Irish dairy exports performed well in 2021, with the value of exports exceeding €5bn for the third successive year. The combination of strong market returns across the main categories of butter, cheese, and powders, coupled with a diversified market mix underpinned overall exports. Strong demand in North America and Africa countered the dampening effect of softer demand for specialised infant nutrition products in Asia.
Meat and Livestock
The total value of meat and livestock exports increased by 4% to €3.5bn in 2021, which was a strong performance given the challenges of the year. Below the top-line growth, individual sectors experienced differing market trends, with strong demand and higher prices in beef and sheepmeat, and a weaker market for poultry and pigmeat. Meat and livestock exports were up 7% when compared to 2019
The value of primary seafood exports returned to growth last year, increasing by 6% to €485m, albeit with varying trends across the sector. Pelagic exporters experienced a difficult 2021, with a cut to the mackerel quota as a result of the EU-UK Trade and Cooperation Agreement. The value of pelagic exports for the year was down 1% to €169m, helped by the strength of Asian markets. Shellfish exports were boosted by the reopening of foodservice channels in Europe and Asia during 2021. The value of shellfish exports increased by 25% to €165 million.
Prepared Consumer Foods
Prepared Consumer Foods (PCF) exports, (which includes consumer ready products, such as ready meals, pizzas, soups, and baked goods), increased by 3% in value terms last year to €2.5bn. This performance reflected sustained strong sales across retail, most notably for the meal solutions category, but also for bread and for value added pigmeat. Foodservice closures due to the pandemic in the first half of the year continued to cause significant declines in the exports of processed cheese, value-added beef, and sweet bakery products.
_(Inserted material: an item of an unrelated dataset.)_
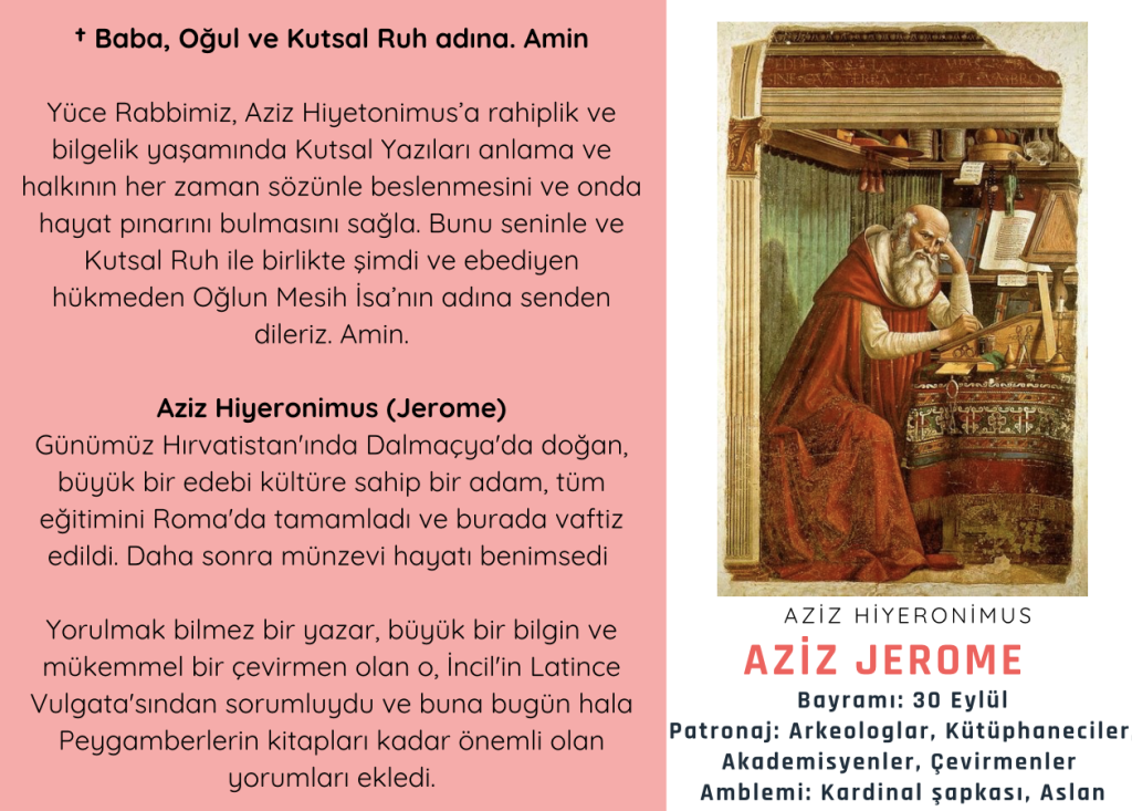 Günümüz Hırvatistan’ında 345 yılı civarında doğduğu sanılan Aziz Hiyeronimus, Antakya yakınlarında inzivaya çekilir. Bu dönemde yoğun bir şekilde okur ve ağır bir çile yaşamı sürdürür.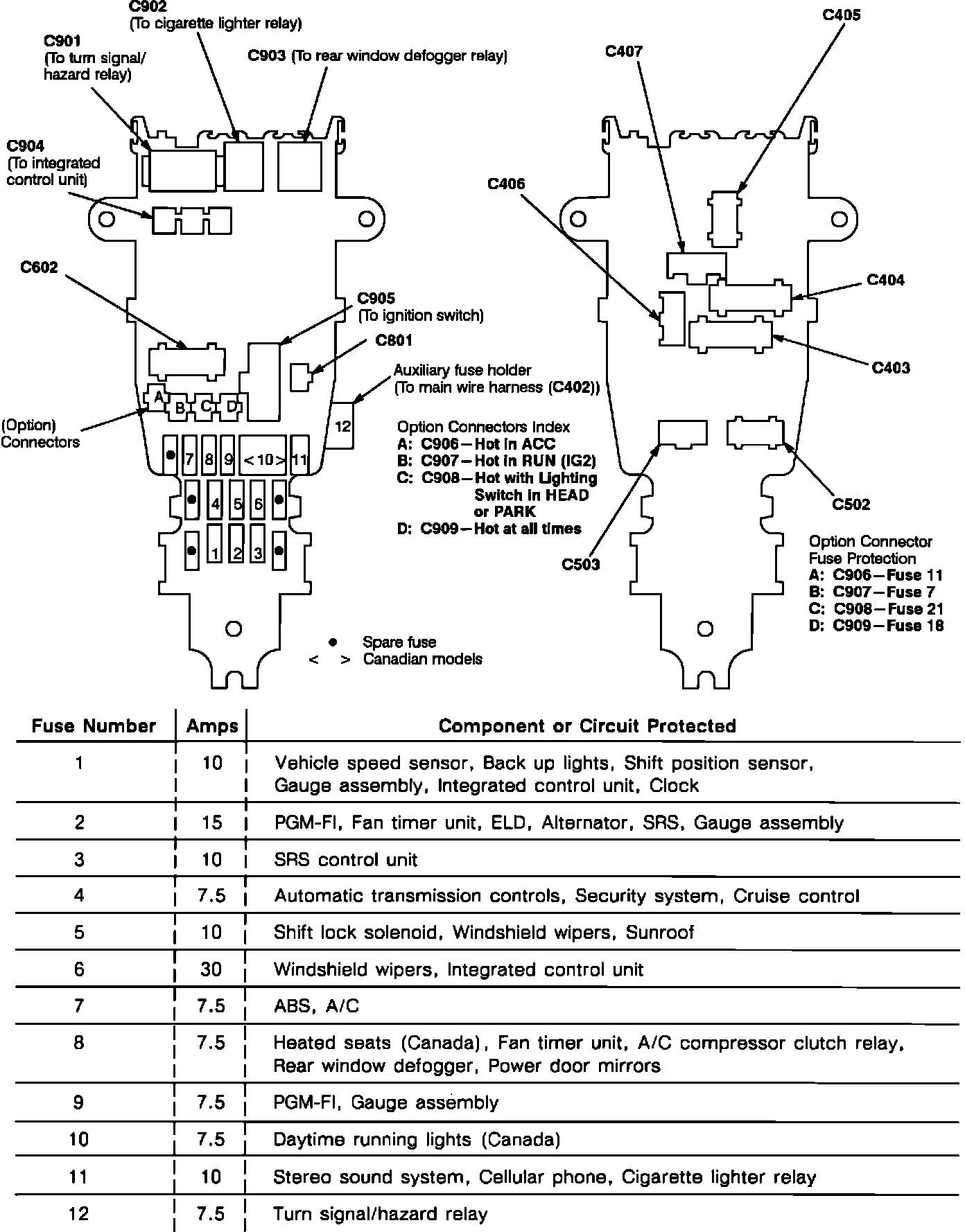 Fuse Panel Details: Under-dash Fuse/Relay Box:

This category, which comprises a wide range of consumer ready products, is highly dependent on the UK, with just over two-thirds of exports destined for that market.
The value of drinks exports increased by 19% to €1.62bn last, which was a strong recovery after the difficulties of 2020 and returned exports to 2019 levels. That recovery was most robust in Irish whiskey and cream liqueur exports, particularly notably to the US.
Whiskey exports were worth €856m last year – up 25% compared to 2020. The growing trend of premiumisation and the position of Irish whiskey in this segment led to the value of Irish whiskey exports increasing at a stronger pace than volumes.